While bishop, he oversaw the movement of the Episcopal see of the diocese of Vincennes to Indianapolis in 1898. He established his see at Saint John the Evangelist Church, which served as the proto-cathedral for the diocese in Indianapolis from 1878 to 1906, when Saints Peter and Paul Cathedral was built. Following the move, he was named as the first bishop of the newly renamed Diocese of Indianapolis. It was he who asked Sister of Providence Mary Theodosia Mug to write a biography of Mother Théodore Guérin. Sister Mug's miraculous healing from cancer also became the first miracle accepted by the Holy See for Mother Guérin's canonization.

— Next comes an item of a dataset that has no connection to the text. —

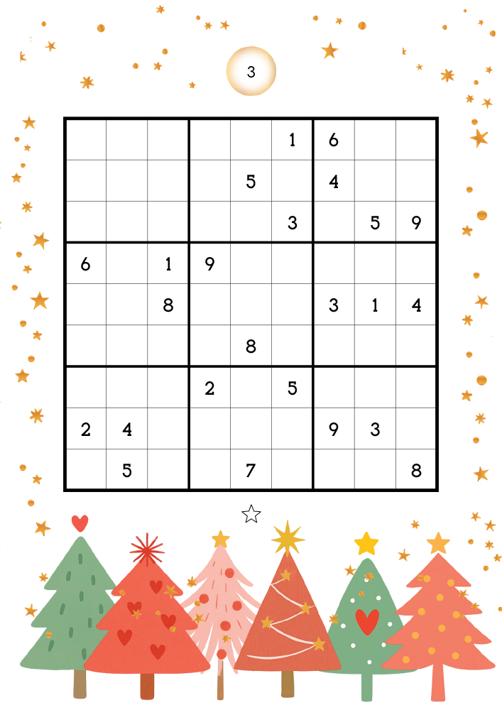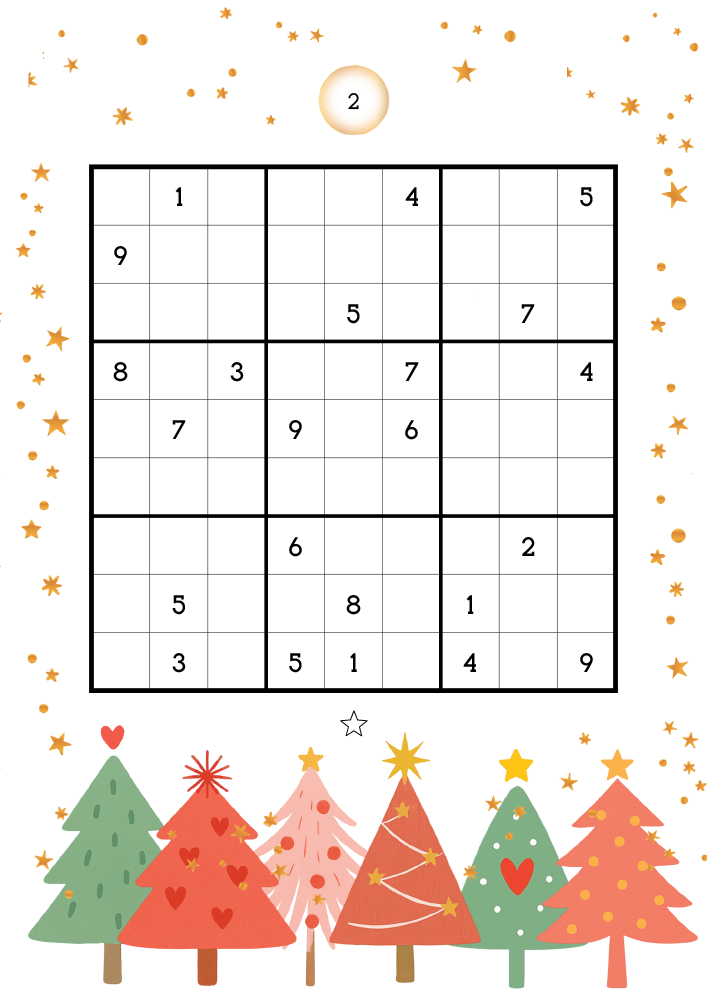 Destress, boost memory, focus and problem solving skills with Christmas Sudoku Puzzles Volume 23. Perfect for downtime and relaxation. 160 Mixed levels puzzles with solutions. Print these puzzles at home and enjoy hours of mindfulness.

In January 1899, he suffered a stroke, from which he never fully recovered. By the time of his death on September 7, 1918, at the age of 83, he had enormously changed the face of the Catholic Church in Indiana. During his tenure the Catholic population of the diocese increased from 80,000 to 130,000. His body was interred in the crypt of the Cathedral of Sts. Peter and Paul in Indianapolis. On June 8, 1976, Bishop Chatard's remains were transferred from the cathedral to the Calvary Cemetery, Chapel Mausoleum, Indianapolis.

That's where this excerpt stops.